Example: Palin is just as nutty, and I would argue that the phrase "don't retreat, reload" is a much more credible threat (or incitement) than any flowery talk about head-severing axes.
Why on earth is 'crime' the top tag for this story?
For the record: despite being what some would describe as a militant atheist, I think that many, many Christian organizations do a tremendous amount of good, including some of the Protestant organizations in India (even Calcutta specifically, if I am recalling correctly.) Specifically, Protestants don't seem to waste nearly as much money on branding and they aren't anti-contraceptive, which in third world areas makes a huge difference. In case you feel that comment makes me especially anti-Catholic: in the USA at least I think the Catholicism is a much more enlightened and a less malignant force as compared to most Protestants. I think the liberals in this country have been the relativelysane ones for quite some time now but 90% of what they're saying and doing about the gun problem is nonsensical and they're still doing a horrible job of differentiating desirable vs. undesirable government spending. I think Mandella isn't Satan but he certainly isn't the saint the world is hellbent on portraying him as. And I think Gandhi was fabulous despite his religious nonsense and a few small moral missteps. I think Hitchens was fabulously right about a lot of things and fabulously wrong about quite a few others.
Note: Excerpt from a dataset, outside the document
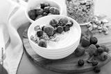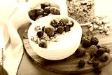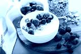 Plain yougurt with granola and berries on side, fresh, healthy and colorful breakfast
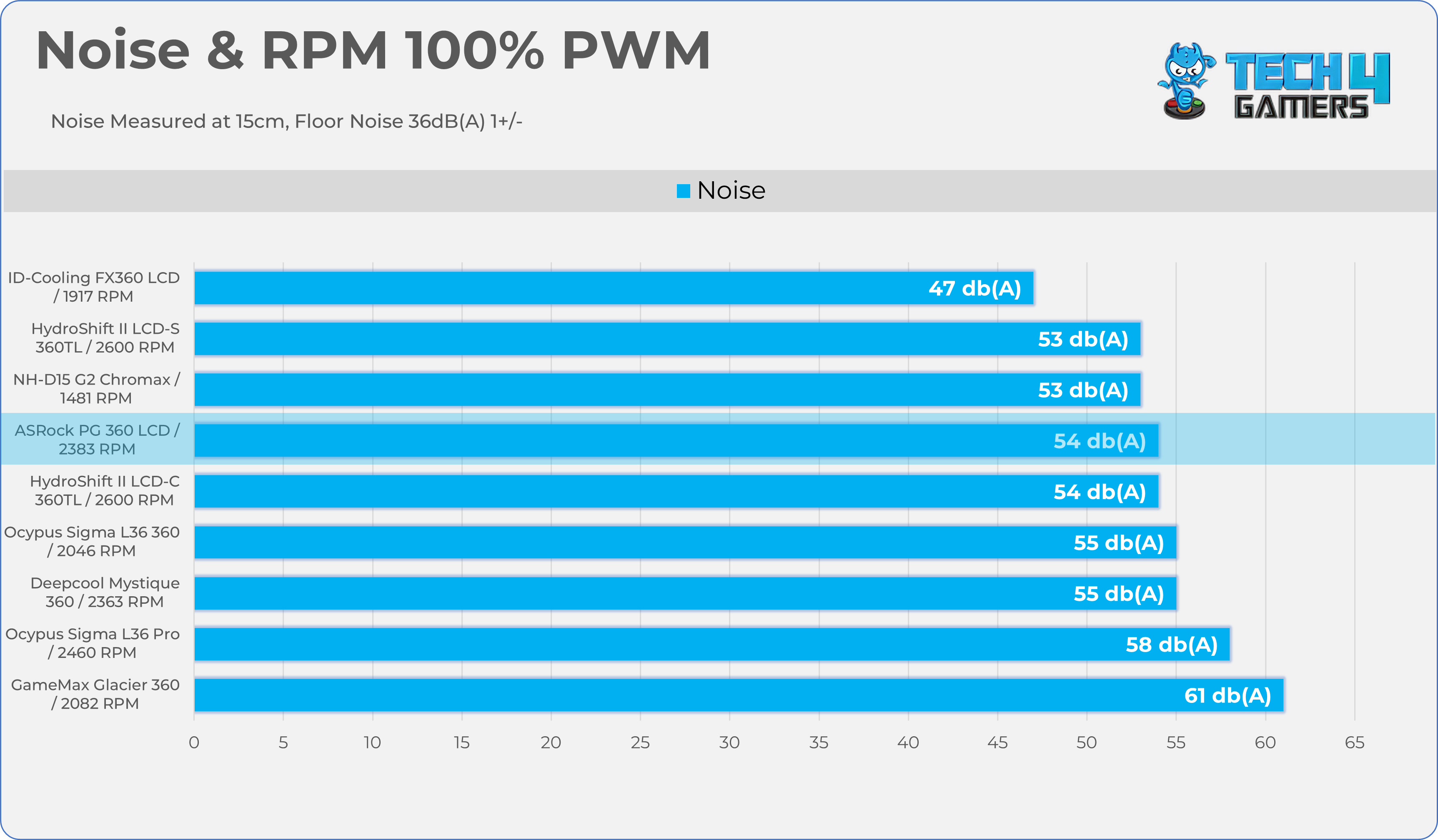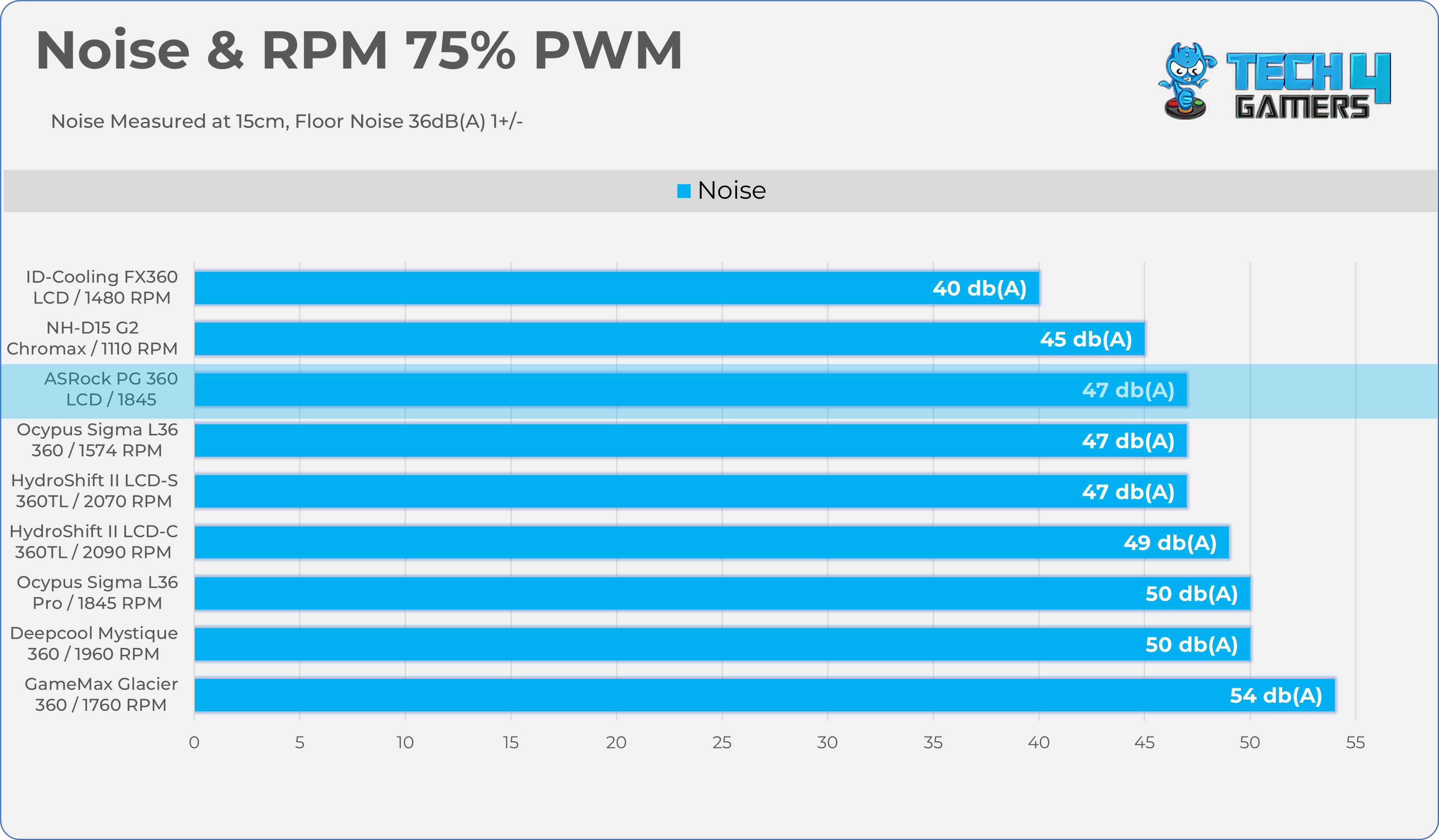 Let’s take a look at the Noise and RPM Readings. We conducted tests across four different PWM range levels.

In fact, I believe on at least a few occasions he used deliberately deceptive rhetoric.
In other words, my opinions are my own; I'm not part of any team and I'm not playing favorites. I'm not motivated by a desire to tear down anyone or join in the slashdot head nodders, it just so happens that the head nodders are correct on this point. I'm not saying this to toot my own horn, just letting you know that people like me do in fact exist. Adjust your ad hominem attacks accordingly.
As I said pointed out elsewhere ( http://slashdot.org/comments.pl?sid=3776051&cid=43800655 ), it is very clear that even (especially?) major government-sponsored awards are governed more by popular opinion than any formal vetting process. And as I said in that thread, what is 'incredibly stupid' is to believe that these kinds of awards are well thought out, or that this "everyone calls her a saint!" kind of popular wisdom is at all based on rationality. Do you believe that Kissinger was a fabulous person because they gave him the Peace Prize? What about Arafat? What about Mandela? What about Islam representing the literal truth (something believed by billions... they can't all be wrong!), what about the millions who use homeopathy and the (gasp!) GOVERNMENTS that have given it a seal of approval (including the USA and the UK) ? What about fan death, that mysterious plague that is only known in the country of south Korea where they fear it so much that agencies of the GOVERNMENT continually warn against it and mandate timer switches? Please please tell me who taught you to trust the judgement of governments; I wish to slap them silly.
If you really do refuse to have your own look at the facts (which you could have done in the time it took you to write one of these replies), preferring instead to substitute the wisdom of the masses, I pity you. Such an attitude will certainlly bite you in the ass some day, if indeed it hasn't already.
Also, you can't rely on interviews for the obvious reason that virtually all the people she was directly helping ended up dead.